Reliable data persistence is one of the most crucial and sensitive engineering problems in IT sector. For long, Relational Database Management System (RDBMS) has been a well-established and mature technology, in which data are stored in tables. Although, a so-called entity-relational model is human readable, a good design principle requires data normalization in order to avoid duplications and inconsistencies and eventually to come up with a reliable database scheme. As a side effect, with normalization many table fields start referencing auto-generated foreign-keys and data become “dirtier” for a human to understand.

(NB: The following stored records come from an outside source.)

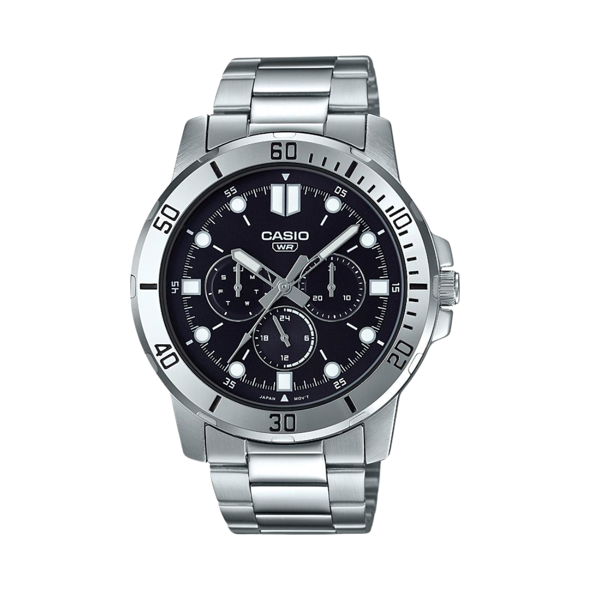 • Resistente al agua • Indicador de fecha, día y 24horas • Correa de acero inoxidable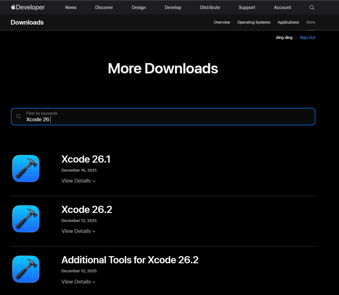 - 浏览列表找到确切的版本号,比如 "Xcode 26.1"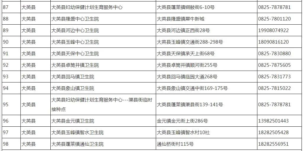 以上接种点均可通过四川天府健康通进行新冠病毒疫苗接种预约登记+查询服务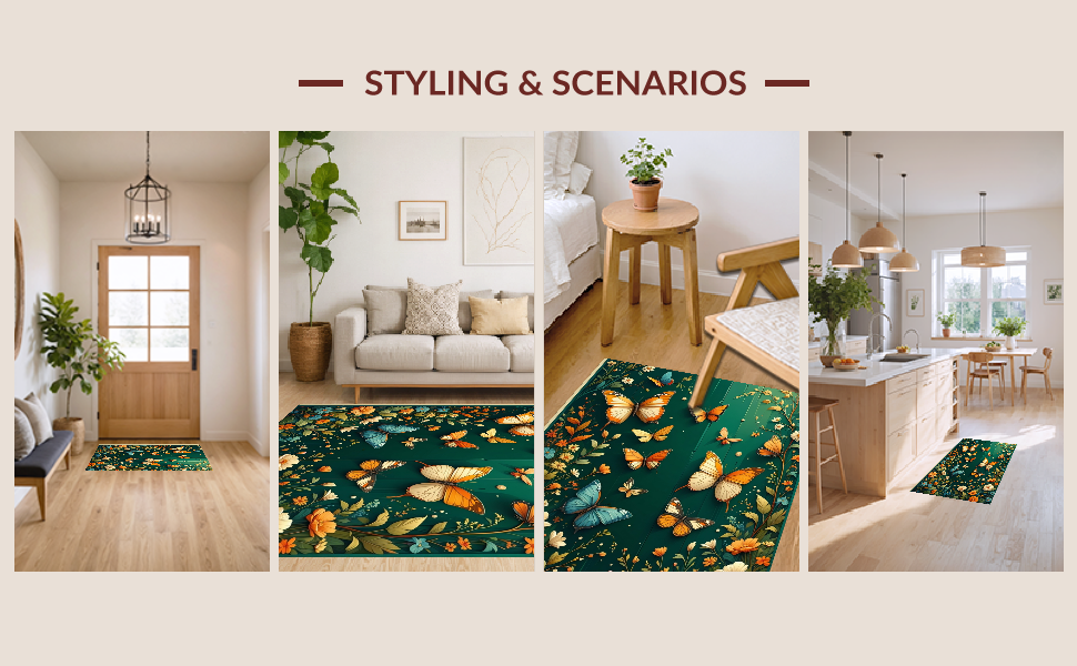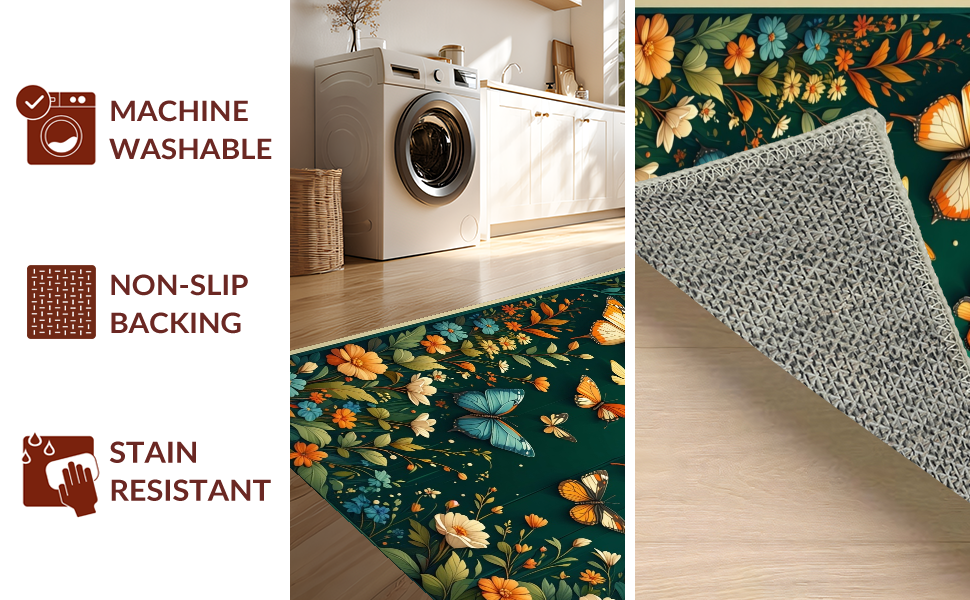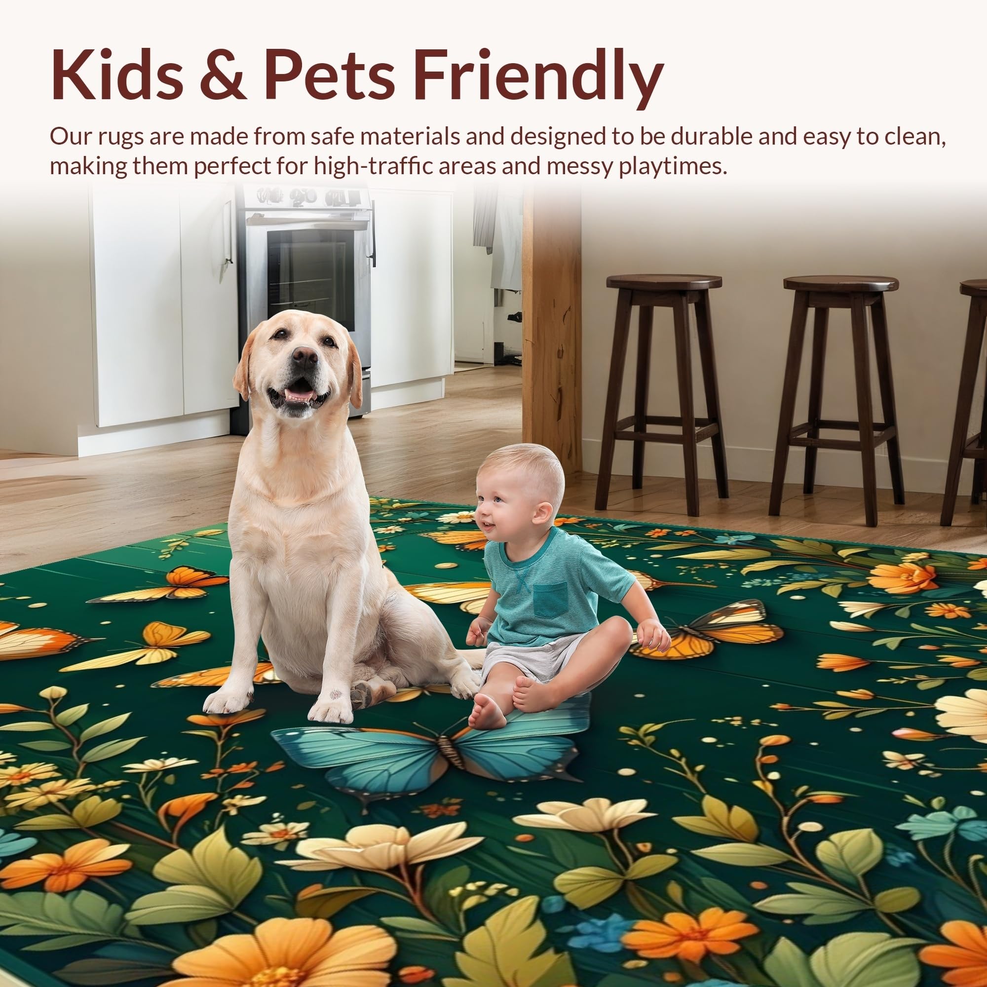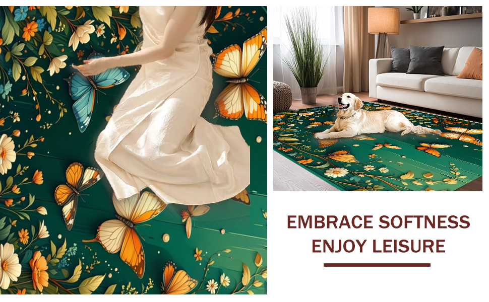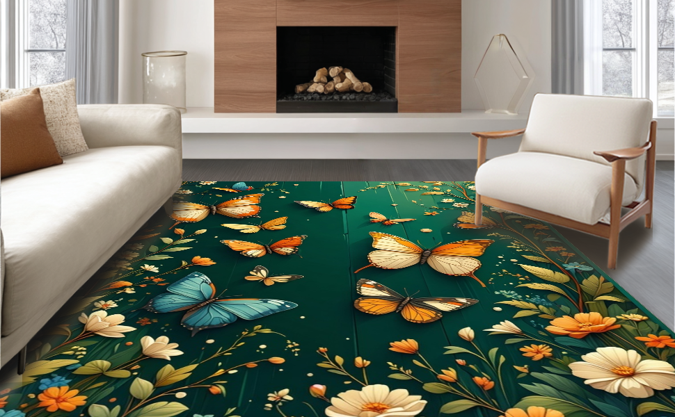 Ultra Soft Area Rug, Non Slip, Stain Resistant, Washable Area Rugs for Living Room, Bedroom, Chic Earthy Flora Inspiration(Green) Overview: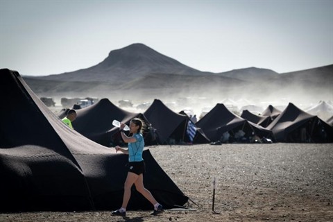 | Une concurrente passe devant le bivouac dressé pour le Marathon des Sables, le 26 mars 2022 à Timgaline (Maroc), à la veille du départ dans la province d'Errachidia, pour une semaine de traversée du désert du Sahara. |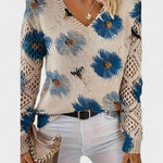 Šis elegantiškas megztinis su gėlių raštu yra tobulas pasirinkimas moterims, vertinančioms patogumą ir rafinuotą įvaizdį. Lengvas, kvėpuojantis audinys, ažūrinės detalės ir subtilūs gėlių motyvai suteikia drabužiui išskirtinio žavesio. Puikiai dera tiek prie džinsų kasdienai, tiek prie elegantiškų kelnių ar sijono ypatingoms progoms.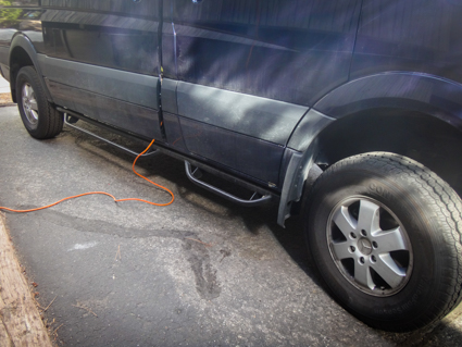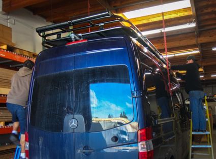 Aluminess extended the kayak rollers to protect the van's back-up camera. They also built crossbars to precisely fit our solar panel.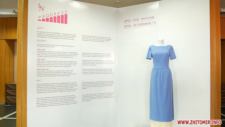 Виставка «IN PROGRESS. Дрес-код України доби незалежності» у житомирському драмтеатрі триватиме до 14 вересня і є безкоштовною для усіх відвідувачів.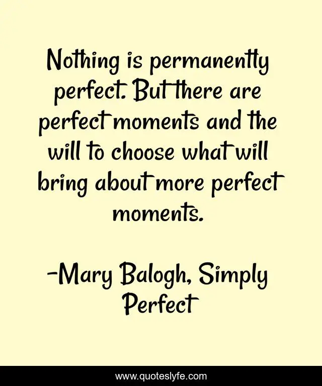 This page presents the quote "Nothing is permanently perfect. But there are perfect moments and the will to choose what will bring about more perfect moments.". Author of this quote is Mary Balogh, Simply Perfect. This quote is about moments, perfect, choice,.

More importantly, it leads to more complicated join queries which reasonably affect maintainability. Despite the undesired complexity to maintain and query data, relational databases were for long adopted as the appropriate choice as they came with a key feature: ACID support. In short, ACID properties guarantee that once the data was committed, it will be accessible to future queries. The need for ACID motivated the engineers to investigate ways to overcome the problems above. A well-accepted way is to add indexes which make lookups faster, but still data query becomes expensive as long as the data size grows. The negative effect of data size becomes particularly important by bringing also big-data in the foreground, where the query performance degradation becomes a real bottleneck in applications that require a low processing time.
This is one of the main reasons that NoSQL approach was born. NoSQL revolution is about making it possible (and easy) to query more and more data. To do so, some tradeoffs should be applied to make databases faster. As a first thought, ACID was the first requirement to go. Indeed, after all with millions and millions of transactions it’s probably accepted (depending however on the use case) to miss a couple here and there. Another bet was to make it easier to interact with large volumes of data. The “spontaneous” solution to this problem was to popularize different interfaces. Hence, the most implicit of it was the key-value interface. According to this approach, one simply stores a value with a key and later can use that key to access the value. Although this simple method fits well with some use cases, a single value sometimes is opaque and as such, meaningless to the database. If (from the use case point of view) opaque values are not desired, a document-based database could be more appropriate. In short, this case is appropriate to manage semi-structured data and still requires a key that looks up a document. Moreover, one can also look up a document based on its contents which are indexed for faster retrieval.
Based on all mentioned above, it is understood that there is a plenty of database technologies out there that try to deal with a common objective: To minimize the query burden without compromising on the query processing time. In other words, all database technologies focus more on the data processing mechanisms, ignoring the other equally important aspect which is the relationships between data. Indeed, although the relationships are treated as a kind of metadata, they can be viewed as holding valuable information that for some use cases appear to be more important than data.
By the end of this training, a participant is expected to be able to:
- Explain the main differences of RDBMS and NoSQL technologies
- Explain the pros and cons of each NoSQL model, from deployment complexity point of view, as well as from the API point of view.
- Be confident to cope with Shell commands and software implementation using NoSQL databases.
- Be confident to make the correct design decisions in a real-world problem that involves NoSQL.
- This specific Code.Learn program lasts 3 days (Thursday, Friday & Saturday) with 16 hours of lectures and hands-on exercise on a real life project.
Key Objectives – Curriculum (High level)
The core perspectives of this program will be to present, explore and adequately cover with extended real-life business case studies & industry scenarios the following aspects:
- RDBMS vs. NoSQL Alternatives
- Document space model
- Key – value model
- Architecture Overview, Key Features, Data model, API, Demo
The lessons can be carried out:
- Inside a physical classroom with an instructor,
- In an online environment as a virtual classroom, with live connection with the instructor through video conferencing; or lastly,
- A combination of both physical and online.
The method of teaching will depend on the current conditions, and also on the participants’ preferences.
Regarding online, the instructor provides the taught material through screen sharing, live broadcast, or by working on the cloud where attendees can see and interact with everything in real-time. Attendees themselves can seamlessly and actively participate and ask questions, as they would in a physical classroom. Additionally, they can collaborate in team projects and deliver assignments and hands-on projects that the instructor can see and provide feedback easily and without delays.
Data engineers, database engineers, DBAs, DW engineers, developers, computer scientists, software engineers and developers are welcome to participate to this code.learn program and unlock the full potentiality of the topics taught by upskilling their future career.